Все молчали. Нам с женой было неудобно наблюдать непонятную для нас семейную сцену. Юрий Григорьевич тоже чувствовал себя неловко и его челюсти сжались до такой степени, что резко обозначились все мускулы под кожей лица. Я сказал:
– Извините. Мы пойдем…
Ольга Валентиновна встрепенулась и, промокнув платочком слезы, запротестовала:
– Ни в коем случае! Не обращайте на меня внимания. Сейчас все пройдет. Давайте лучше выпьем. За расставание, за то, что мы были здесь друзьями и, чтобы мы ими остались в России. – Она быстро поднесла бокал к губам и весь его выпила. Потом произнесла, натянуто улыбаясь. – Вот и все прошло. Это нервы. Скучаю по детям. Мы и правда, засиделись за границей.
Мне показалось, что вначале Юрий Григорьевич был готов с нами расстаться, но после слов жены сказал, обращаясь к нам:
– Не в коем случае, не уходите. Не надо портить наш последний общий вечер из-за слез Оли. Она действительно скучает по детям. Ее материнскую тоску по ним, я испытываю на себе каждый день. – Он натянуто засмеялся. – Давайте и мы, как Оля, выпьем вообще за встречу, за неожиднное расставание и за нашу новую встречу… – За «новую встречу» он произнес неуверенно, но выпил свое вино до дна.

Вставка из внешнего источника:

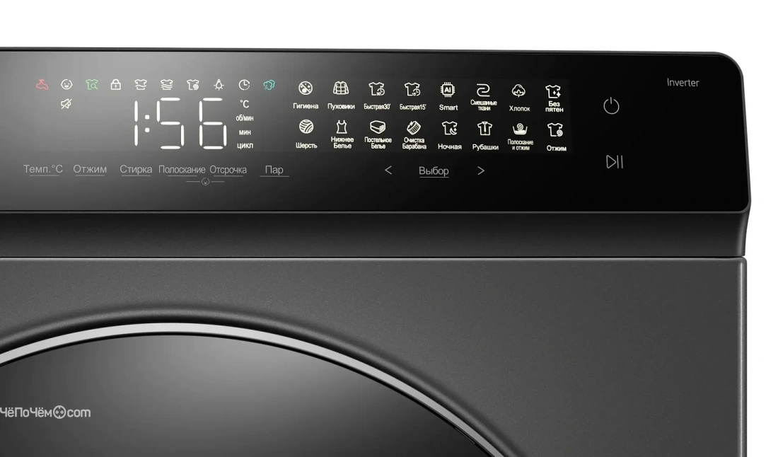 | Программы | гигиена, пуховики, быстрая 30’, быстрая 15’, Smart, смешанные ткани, хлопок, без пятен, шерсть, нижнее бельё, постельное бельё, очистка барабана, ночная, рубашки, полоскание и отжим, отжим |

Мы с женой поступили также. Юрий Григорьевич вдруг неожиданно предложил мне:
– Давайте я напишу ваш портрет. Пока карандашом, а потом, может быть, и красками. Но это позже. Вашей жене я оставил портрет, а вам не уделил такого внимания. На прощание…
Я согласился и мы прошли из лоджии в гостиную номера. Он включил торшер, взял лист бумаги и без лишних слов стал на нем набрасывать мой портрет. Но меня, менее всего, интересовал сейчас мой портрет. Меня мучило неуемное любопытство – кто же он такой? Почему они со своей женой, что-то тщательно скрывают от других? Не договаривают. Какая у них тайна? У меня появилось не просто любопытство, а настоящий зуд любопытства, от которого я не мог усидеть на месте. И я спросил, как бы между прочим, художника:
– Юрий Григорьевич! – Он не ответил на мое обращение. Но я был настырен, как никогда. – Не помешаю ли я вашему творчеству, если буду одновременно разговаривать с вами?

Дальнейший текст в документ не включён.